• DATASET CONTENT:
BEGIN

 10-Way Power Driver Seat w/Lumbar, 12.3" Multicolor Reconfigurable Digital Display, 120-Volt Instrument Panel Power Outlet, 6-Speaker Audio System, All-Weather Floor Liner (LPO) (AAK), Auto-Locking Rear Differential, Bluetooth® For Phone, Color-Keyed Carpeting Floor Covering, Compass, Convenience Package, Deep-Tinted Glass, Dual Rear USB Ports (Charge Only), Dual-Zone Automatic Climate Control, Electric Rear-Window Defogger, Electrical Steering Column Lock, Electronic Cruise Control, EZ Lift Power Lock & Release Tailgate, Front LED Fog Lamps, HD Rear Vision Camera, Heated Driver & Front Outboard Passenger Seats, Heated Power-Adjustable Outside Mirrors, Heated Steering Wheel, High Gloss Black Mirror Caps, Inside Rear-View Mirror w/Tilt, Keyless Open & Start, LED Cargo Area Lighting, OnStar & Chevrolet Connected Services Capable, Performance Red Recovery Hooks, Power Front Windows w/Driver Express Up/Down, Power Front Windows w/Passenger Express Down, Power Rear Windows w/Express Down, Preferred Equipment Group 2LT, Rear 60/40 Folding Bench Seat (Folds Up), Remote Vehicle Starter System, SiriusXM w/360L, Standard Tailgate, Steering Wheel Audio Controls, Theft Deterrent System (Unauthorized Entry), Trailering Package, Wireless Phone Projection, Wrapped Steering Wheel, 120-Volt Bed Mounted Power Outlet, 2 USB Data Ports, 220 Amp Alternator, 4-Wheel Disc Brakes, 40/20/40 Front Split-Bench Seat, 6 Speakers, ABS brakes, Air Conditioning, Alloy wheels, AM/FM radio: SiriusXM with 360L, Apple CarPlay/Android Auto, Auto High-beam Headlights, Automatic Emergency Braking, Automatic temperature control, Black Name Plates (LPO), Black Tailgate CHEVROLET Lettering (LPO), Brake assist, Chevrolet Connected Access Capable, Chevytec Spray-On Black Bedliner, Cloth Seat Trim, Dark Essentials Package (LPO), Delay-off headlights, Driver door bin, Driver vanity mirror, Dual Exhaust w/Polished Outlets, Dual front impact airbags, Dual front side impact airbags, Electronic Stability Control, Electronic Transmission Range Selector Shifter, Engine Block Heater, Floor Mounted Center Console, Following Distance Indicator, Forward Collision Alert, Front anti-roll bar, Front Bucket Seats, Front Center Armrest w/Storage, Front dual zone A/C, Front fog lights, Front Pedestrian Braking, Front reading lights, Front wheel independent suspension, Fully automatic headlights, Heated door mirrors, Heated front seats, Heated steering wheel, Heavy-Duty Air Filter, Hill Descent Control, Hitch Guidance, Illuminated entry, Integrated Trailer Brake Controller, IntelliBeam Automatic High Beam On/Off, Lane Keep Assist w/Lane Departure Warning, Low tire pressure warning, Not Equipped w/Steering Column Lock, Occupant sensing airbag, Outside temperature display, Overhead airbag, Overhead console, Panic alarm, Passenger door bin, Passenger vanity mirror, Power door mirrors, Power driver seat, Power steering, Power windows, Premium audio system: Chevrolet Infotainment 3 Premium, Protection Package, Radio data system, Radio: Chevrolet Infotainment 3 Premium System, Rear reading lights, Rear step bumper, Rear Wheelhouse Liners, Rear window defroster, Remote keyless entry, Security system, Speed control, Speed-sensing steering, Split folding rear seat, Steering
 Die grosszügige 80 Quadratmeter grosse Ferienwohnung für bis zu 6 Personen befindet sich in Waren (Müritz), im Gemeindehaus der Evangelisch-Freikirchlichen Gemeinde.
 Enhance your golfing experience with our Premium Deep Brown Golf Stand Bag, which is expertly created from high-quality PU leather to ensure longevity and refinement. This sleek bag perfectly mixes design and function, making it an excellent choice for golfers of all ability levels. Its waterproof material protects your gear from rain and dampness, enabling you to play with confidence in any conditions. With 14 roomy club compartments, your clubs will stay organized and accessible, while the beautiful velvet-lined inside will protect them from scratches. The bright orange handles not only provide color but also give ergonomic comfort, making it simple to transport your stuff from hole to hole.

END
BEGIN

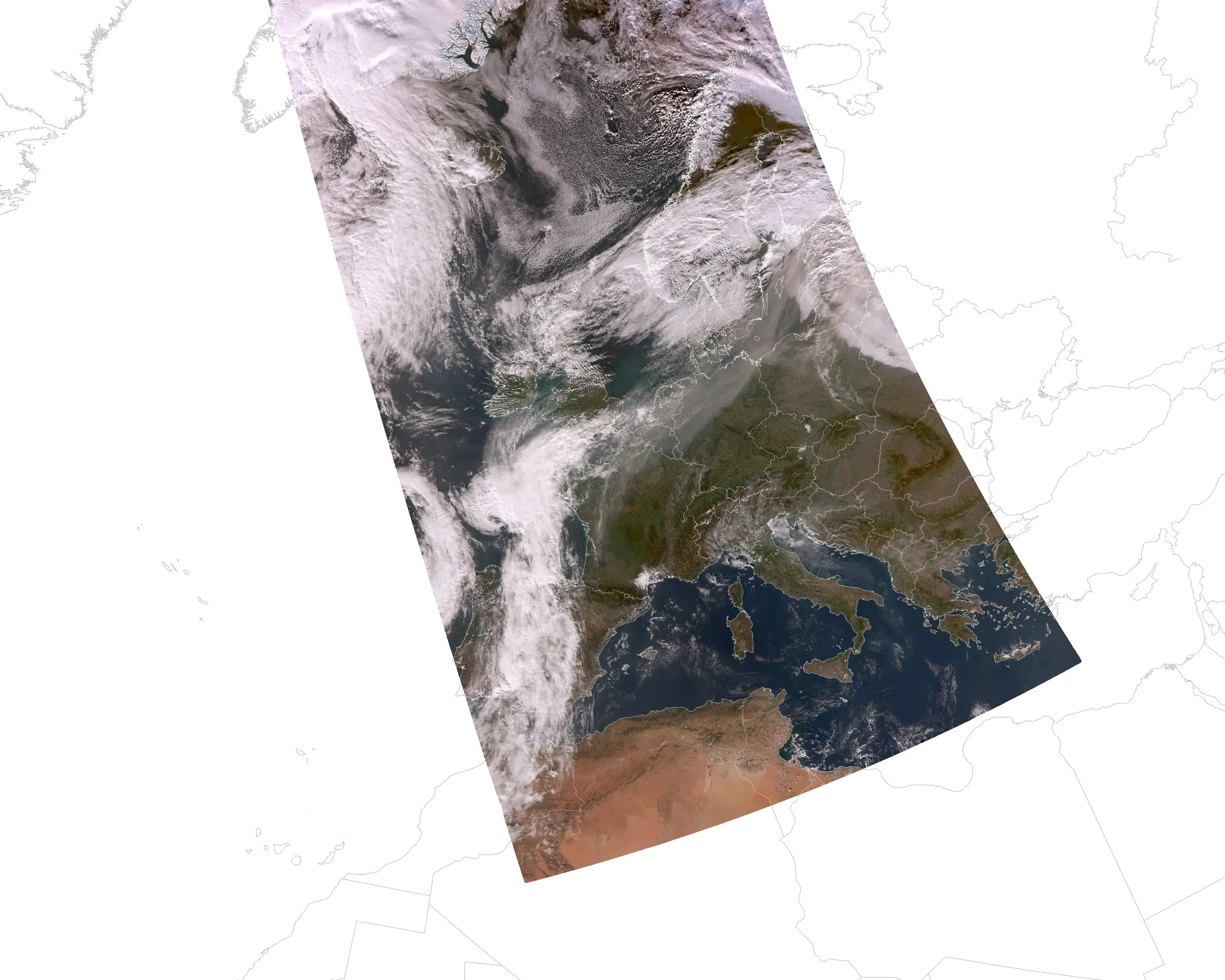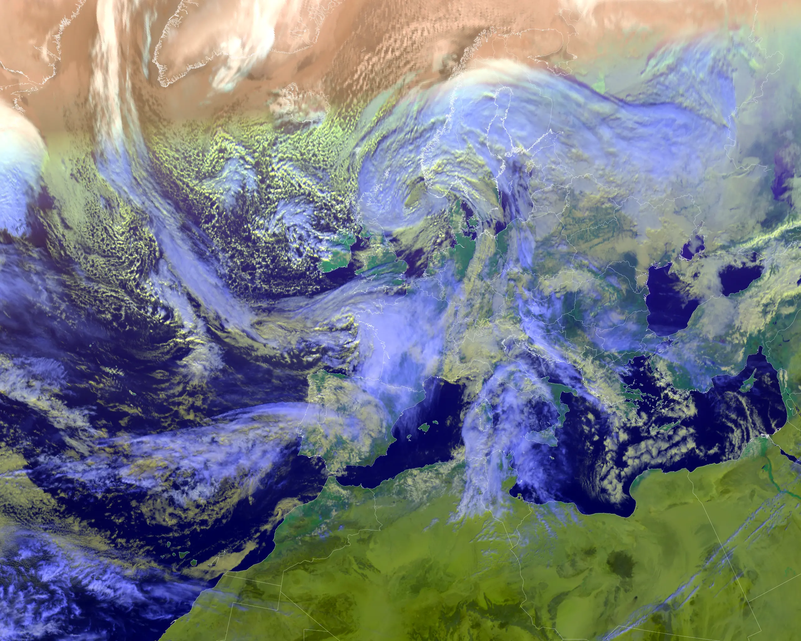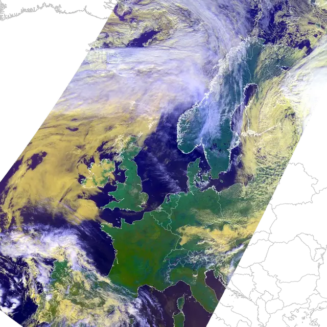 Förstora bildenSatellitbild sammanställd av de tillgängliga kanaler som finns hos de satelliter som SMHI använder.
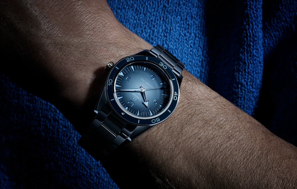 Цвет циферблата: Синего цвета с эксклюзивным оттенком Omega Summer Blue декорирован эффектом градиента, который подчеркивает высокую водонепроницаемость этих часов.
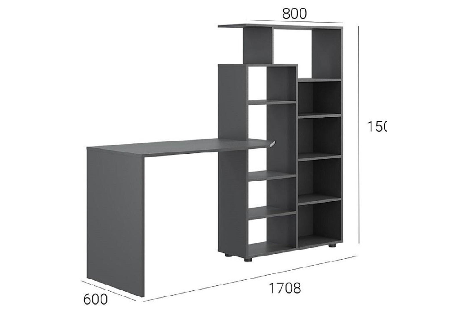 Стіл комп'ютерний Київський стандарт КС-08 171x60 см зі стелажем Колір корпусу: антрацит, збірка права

END
BEGIN

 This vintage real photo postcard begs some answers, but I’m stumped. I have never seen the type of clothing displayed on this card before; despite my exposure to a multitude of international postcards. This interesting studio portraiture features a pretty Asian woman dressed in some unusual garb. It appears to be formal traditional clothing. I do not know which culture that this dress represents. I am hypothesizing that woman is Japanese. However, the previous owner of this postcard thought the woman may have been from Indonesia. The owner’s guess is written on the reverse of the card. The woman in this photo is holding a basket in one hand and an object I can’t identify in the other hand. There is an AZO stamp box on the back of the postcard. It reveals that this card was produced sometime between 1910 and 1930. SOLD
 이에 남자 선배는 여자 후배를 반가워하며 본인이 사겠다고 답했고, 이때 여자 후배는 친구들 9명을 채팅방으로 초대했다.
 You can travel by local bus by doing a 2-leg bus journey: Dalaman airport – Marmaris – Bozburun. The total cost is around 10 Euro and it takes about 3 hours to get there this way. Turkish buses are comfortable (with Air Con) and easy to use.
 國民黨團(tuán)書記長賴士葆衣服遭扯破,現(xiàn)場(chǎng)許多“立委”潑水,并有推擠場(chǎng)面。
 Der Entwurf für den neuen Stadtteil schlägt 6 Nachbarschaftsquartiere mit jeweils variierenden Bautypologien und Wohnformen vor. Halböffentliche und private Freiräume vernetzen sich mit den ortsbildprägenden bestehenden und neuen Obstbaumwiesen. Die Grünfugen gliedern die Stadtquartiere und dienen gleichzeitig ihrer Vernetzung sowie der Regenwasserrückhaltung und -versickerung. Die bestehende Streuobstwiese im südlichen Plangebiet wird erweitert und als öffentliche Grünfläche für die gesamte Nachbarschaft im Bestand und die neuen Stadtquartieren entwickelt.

END

What are the lines in the records above, word for word, from the one containing "Цвет циферблата: Синего" through the one containing "Стіл комп'ютерний Київський", both ends included and pictures left out?

• ANSWER:
 Цвет циферблата: Синего цвета с эксклюзивным оттенком Omega Summer Blue декорирован эффектом градиента, который подчеркивает высокую водонепроницаемость этих часов.
 Стіл комп'ютерний Київський стандарт КС-08 171x60 см зі стелажем Колір корпусу: антрацит, збірка права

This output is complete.